Fever, chills, cough, shortness of breath, sore throat and headache: these are the COVID-19 symptoms that have been drilled into us since the start of the pandemic. And rightly so, as they ARE the most common symptoms. However, there are other, lesser-known and less-common symptoms of COVID-19 to also know about. 

The SARS-CoV-2 virus, which causes COVID-19, can affect multiple tissues and organs in the body, not just the respiratory system. While these effects aren’t as well known, scientists and health experts are increasingly becoming more familiar with them. They include: 

Skin rashes 

A “COVID-19 rash” may look like a patchy rash, itchy bumps, blisters, pinpoint spots, or flat spots and bumps joined together, according to the American Academy of Dermatology Association. The rash may or may not be itchy and it typically lasts between 2 to 12 days. A lacey-looking purple rash is another possible sign of COVID-19 and can indicate blood clotting in blood vessels. A dermatologist can provide more guidance and treatment of these rashes. 

COVID toes

Children, teens and young adults are more likely to develop this condition compared with adults, and many either have no other symptoms or the symptoms are mild. COVID-toe symptoms include red or purple bumps on the toes (and sometimes the hands), along with a burning sensation, itchiness and possibly pain and tenderness. Symptoms tend to go away after 2 to 3 weeks, but some people have symptoms for months. Hydrocortisone cream can help reduce any pain or itching. 

Gastrointestinal symptoms

The coronavirus can also cause GI symptoms, such as diarrhea, vomiting, nausea, stomach pain and bleeding. Researchers believe that the virus enters the gastrointestinal system (which is part of the immune system), causing these symptoms. Diarrhea tends to be the most common GI-related symptom of COVID-19. Vomiting tends to be more common in children. Of course, these symptoms can occur due to other illnesses and conditions. If you do develop any of these symptoms and they are mild, stay home, drink plenty of fluids, eat bland foods and minimize contact with others. Be sure to check your blood sugars regularly. Call your provider if symptoms are more severe or are worsening, or if you are having frequent high or low blood sugars. 

Loss of smell and taste

According to U.S. News and World Report, 86% of people with mild to moderate COVID-19 reported problems with their sense of smell and a similar amount noticed a change in taste. In fact, loss of smell is sometimes the first and only symptom of those diagnosed with COVID-19. Loss of smell can directly impact your sense of taste (think back to when you have a bad cold and how food seems tasteless), and this loss can occur suddenly in people with COVID-19. While the exact reason for this isn’t entirely clear, it IS known that some viruses enter the olfactory (smell) neurons, causing inflammation. In most cases, the sense of smell returns within two to four weeks, but for some, smell loss may be long-term. Talk with your primary-care provider if you are experiencing loss of smell and/or taste. 

Loneliness 

Loneliness is nothing new and it’s certainly existed long before the COVID-19 pandemic. According to the Health Resources and Services Administration (HRSA), an agency of the U.S. Department of Health and Human Services, one in five Americans say they feel lonely or socially isolated (and that’s WITHOUT the COVID-19 pandemic). Living alone, being unmarried, not participating in social groups and having few friends are risk factors for loneliness as well as an increased risk of early death.  

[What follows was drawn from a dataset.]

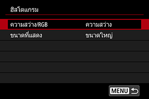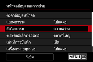 คุณสามารถเลือกเนื้อหาและขนาดจอภาพของฮิสโตแกรม
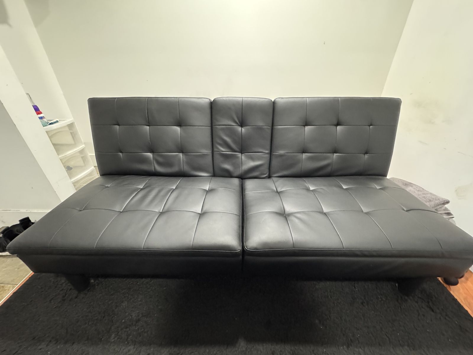 Clean black futon in good condition, folds down into a bed. Perfect for a small apartment, guest setup, or studio. Original cost was $300 brand new. You get a great price!

Now comes along a pandemic with its lockdowns, quarantines and social distancing that serves to exacerbate the problem of loneliness. Health experts have been concerned about not just the physical health ramifications of COVID-19, but the mental health consequences, as well. Social distancing affects all of us, to some extent, but those with loneliness are more likely to have more depression, Alzheimer’s disease, alcoholism, chronic stressand poor sleep quality. Suicide rates are higher in those who are lonely, too, according to an article published in 2014 in the Journal of Clinical & Diagnostic Research. As the authors state, “Left untended, loneliness can have serious consequences for mental and physical health.” In addition, young adults, students, people with lower education or income, and urban residents are more likely to experience loneliness due to the pandemic, per a September 2020 study published in the journal Public Health. 

If you’re feeling lonely more so than ever or just feeling a case of cabin fever, take heart, as there are steps that you can take to get through this time of isolation.  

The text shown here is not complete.